Problem: Repeat exactly the stretch of lines that starts with the one containing "Waterproof, submersible, exceptionally" and ends with the last line of the material. Leave out pictures.

Exercise data:
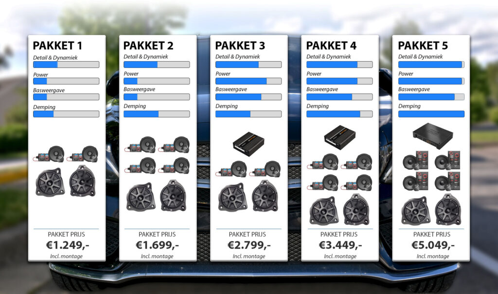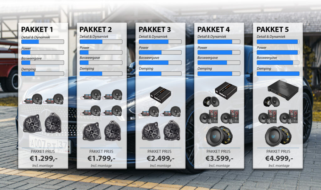 Kies voor een van bovenstaande pakketten inclusief montage en 3-laags demping en geniet weer van muziek in uw auto.
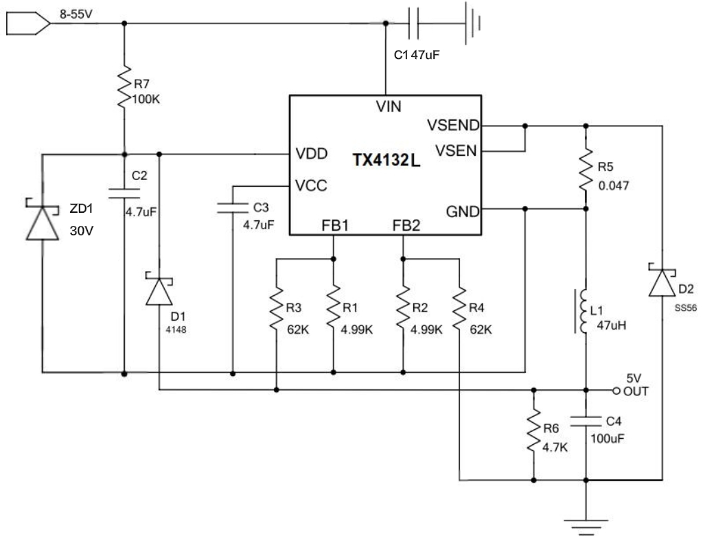 TX4132L是一款支持宽电压输入的开关降压型DC-DC芯片,,,芯片内置60V/5A功率MOS,,,支持最高输入电压55V。。。。
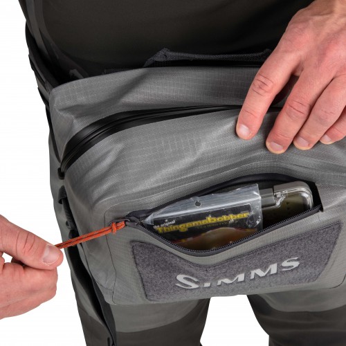 Waterproof, submersible, exceptionally rugged hip pack for carrying comfort and easy access to mission critical fishing gear.
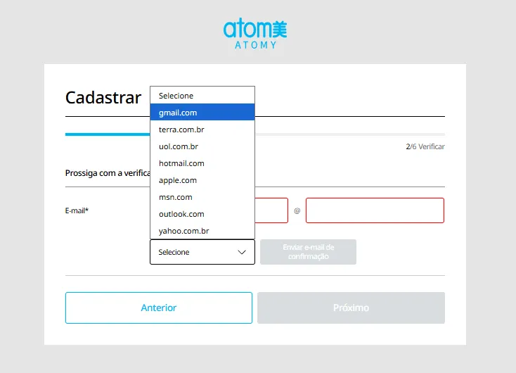 Tente fazer login no site oficial da Atomy!

Solution for this problem:
 Waterproof, submersible, exceptionally rugged hip pack for carrying comfort and easy access to mission critical fishing gear.
 Tente fazer login no site oficial da Atomy!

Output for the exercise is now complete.